Мама работает

Играть в карты приходит и Владик Грабовский. Пока идет игра в шестьдесят шесть или в подкидного – скучает. Сразу оживляется, когда появляются охотники на «очко». Владик почти всегда проигрывает, он не умеет рассчитывать, с мрачной горячностью без конца бьет «по банку». При этом все знают, что в руке у него плохая карта, а в кармане уже и полмарки нет. Всем неловко становится от такой игры. Наконец Владик, не прощаясь, уходит с тысячным долгом. Через день-два появляется снова с деньгами и потому – в хорошем настроении.

– Маленький банчок соорудим, варяги?

О долге забыто: ни он, ни другие не напоминают. Несмотря на все это, Владик больше правится Толе в игре, чем Казик. Жигоцкий-младший – если удается уговорить его сыграть – колдует над картой, фукает на нее и сверху и снизу, много говорит, много смеется, деньги у него влажные.

Мама как-то совсем безразлична к тому, что в доме играют на деньги и что в этом участвует Толя. А Толя уже основательно втянулся. Когда он сел впервые и остался с выигрышем, ему сделалось тоскливо и чего-то жалко, будто он непоправимо испортил что-то, потерял навсегда. Он даже попытался вернуть Владику свой выигрыш, но Владик так мрачно посмотрел на него, что пришлось заткнуться. Теперь Толя проигрывает и выигрывает без особых угрызений совести. Ему нравится сам процесс игры. Берешь карту, не глядя, как можно небрежнее, – вторую, вскользь проводишь глазами и, хотя у тебя только тринадцать очков, спокойно говоришь, как Владик или Алексей:

– Попробуй набери.

Как-то в столовую вошла мама и сказала:

– Была в деревне. Неохотно уже меняют, да и нечего носить туда. Надо, Владичек, добиться, чтобы медпункт открыли и аптеку. Все какой-то паек.

– Хорошо бы, – согласился Владик, протягивая ладонь со слепой картой банкомету Янеку.

– На сколько?

– Давай, – сердится Владик, – на все.

Янек конфузится: он знает, что у Владика нечем покрыть банк.

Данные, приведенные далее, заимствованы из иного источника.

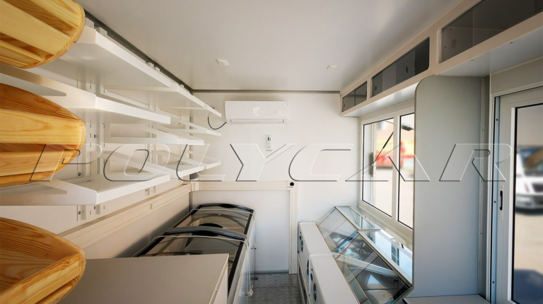 Был установлен кузов-фургон бескаркасной сэндвич-панельной конструкции. Снаружи и внутри применена обшивка из армированного стекловолокном пластика. Передняя панель приспособлена для установки кондиционера. Надстройка оснащена стеклопакетами, морозильной камерой, холодильными витринами, а также стеллажами для хлебобулочных изделий. В комплектацию входят дизель-генератор, обогреватель Webasto, кухонная мойка с краном, шкаф для одежды и кассовая зона.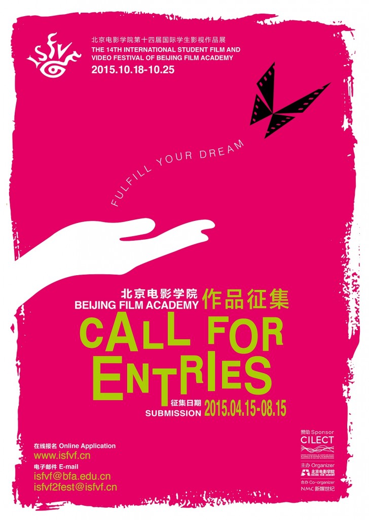 北京电影学院国际学生影视作品展(ISFVF)是由北京电影学院主办的一项国际学生影视作品交流活动。本项活动每年举办一届,是北京电影学院正式列入教学计划的教学内容,与此同时,提供给更广大电影学习者展示才华、交流思想的机会和舞台。本届影展将于2015年10月18日至10月25日在北京电影学院举行为期一周的展映和交流活动。影展组委会现面向国内外影视专业学生作者征集作品。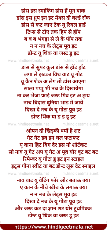 Poetic Translation - Lyrics of Just Do It - डांस इस स्मोकिंग डांस हैं मून वाक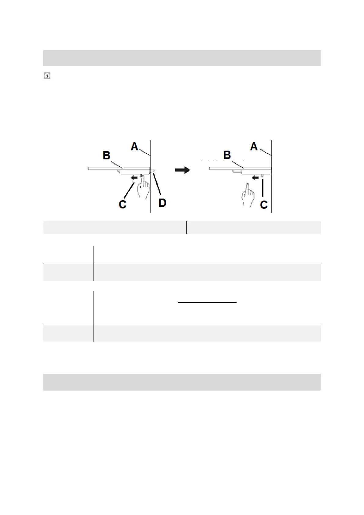 1. To open the latches of a glass shelf, push the right locking slider of the glass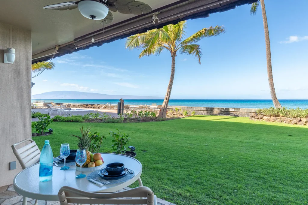 Welcome to one best views for sunset on West Maui. Morning whales greet you and turtles tuck you in at night. Amazing ocean front views of Lanai and Molokai to the north. Highlighting this one-bedroom, one-bath, up-graded vacation rental condo conveniently located just north of Kaanapali. Unit 112 is a ground floor fully furnished, turn-key, high occupancy, vacation rental. Financials available upon request. Shopping, golf, restaurants and snorkeling nearby. Paddleboard and kayak storage available. Stairs invite you down to snorkel on either side of the property. This condo comes fully furnished and everything you need to enjoy the Island life on Maui.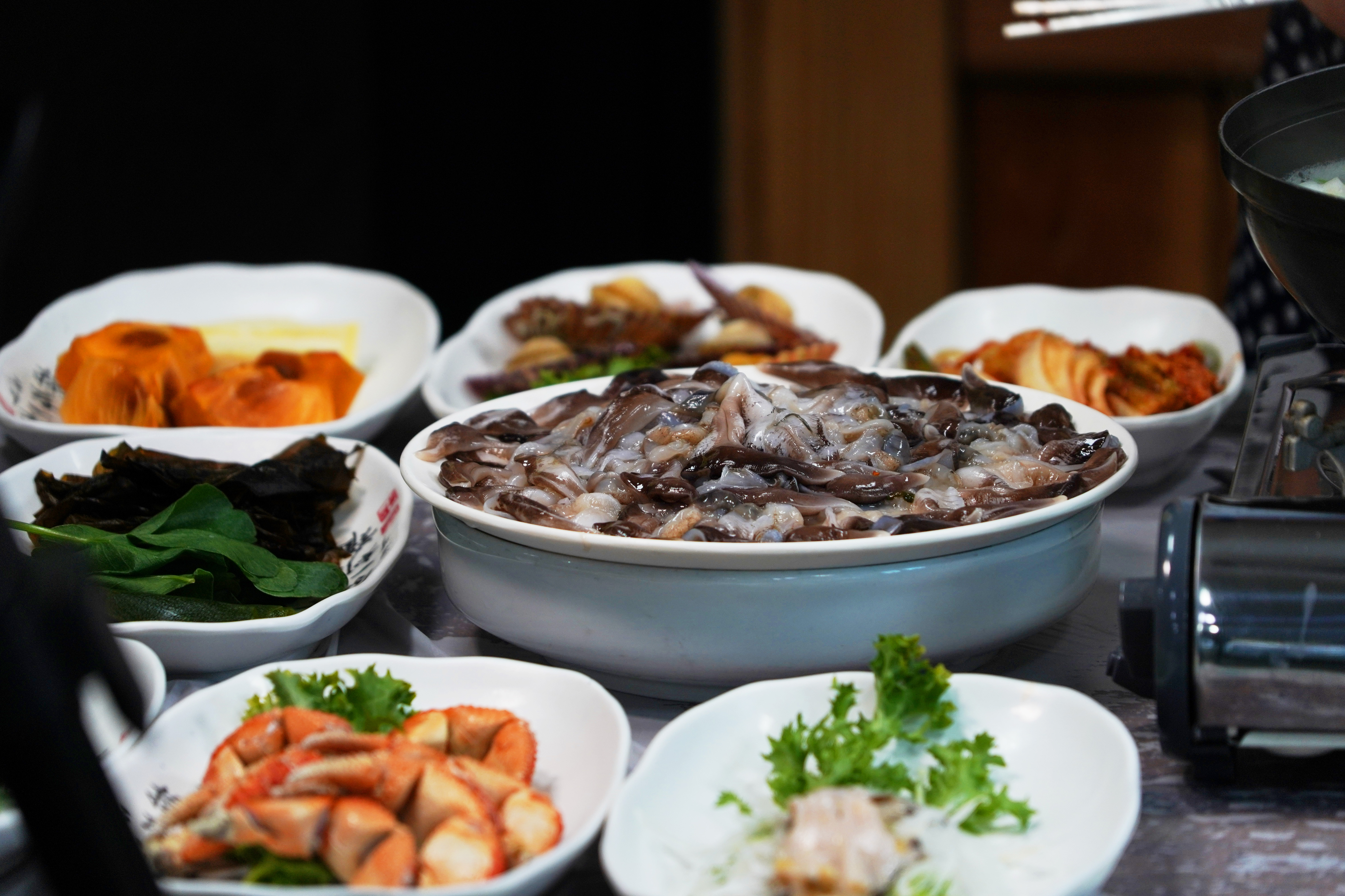 ② 해물정식 – 낙지, 새우, 전복, 가리비, 홍합, 백합, 꽃게가 냄비에 흘러넘칠 정도로 수북이 쌓여 있는 해물탕 등 보기만 해도 배가 부를 만큼 푸짐한 한상이 차려진다.

А Владик уже загорелся живым интересом к маминому предложению:

– Я тоже думал, Анна Михайловна, и даже с Хвойницким говорил.

Владик не прочь намекнуть на знакомство с помощником Порфирки, и похоже, что он на самом деле знается с Хвойницким.

– Надо поехать в город, там у меня остались знакомые, – практически решает мама.

– Пишите записку – поеду.

Мама увела Владика в соседнюю комнату. Через пять минут он вышел в столовую с лицом значительным и веселым. Не выдержал и показал толстую пачку денег.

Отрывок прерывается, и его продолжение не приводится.